# Data excerpt
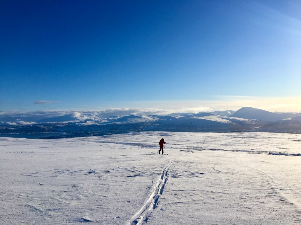Hver gang jeg har vært i Tromsø, har jeg hatt ett ønske om å bestige en av toppene som sees fra byen. Tråkke opp fjellsiden med randonee ski, nyte utsikten på toppen og oppleve pudder kjøring på vei ned igjen. Denne gang planla Jakob og jeg en søndagstur, og for en dag det ble. I tillegg var det en veldig god følelse når vi fra flyplassen, på vei hjem til Fredrikstad, kunne se toppen vi hadde besteget.
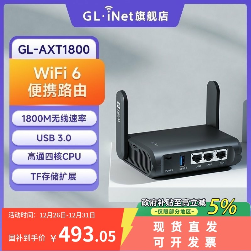 glinet AXT1800千兆路由器wifi6便携式迷你家用双频无线带USB小型NAS网络存储支持奇游联机宝
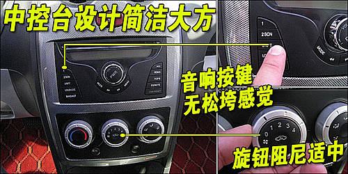 天津一汽威姿V1的中控台面板采用了硬塑材质。中控台的各按键设计大小、阻力适中,旋钮的阻尼一般,在使用中各项调节功比较准确。
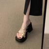 Pantoufles à talons hauts tempérament magnifique pour femmes été port extérieur à la mode nouveau haut de gamme sandales de mode à talons épais

# Task item
Without including any picture, reproduce all of the material exactly.

# Result below
Hver gang jeg har vært i Tromsø, har jeg hatt ett ønske om å bestige en av toppene som sees fra byen. Tråkke opp fjellsiden med randonee ski, nyte utsikten på toppen og oppleve pudder kjøring på vei ned igjen. Denne gang planla Jakob og jeg en søndagstur, og for en dag det ble. I tillegg var det en veldig god følelse når vi fra flyplassen, på vei hjem til Fredrikstad, kunne se toppen vi hadde besteget.
 glinet AXT1800千兆路由器wifi6便携式迷你家用双频无线带USB小型NAS网络存储支持奇游联机宝
 天津一汽威姿V1的中控台面板采用了硬塑材质。中控台的各按键设计大小、阻力适中,旋钮的阻尼一般,在使用中各项调节功比较准确。
 Pantoufles à talons hauts tempérament magnifique pour femmes été port extérieur à la mode nouveau haut de gamme sandales de mode à talons épais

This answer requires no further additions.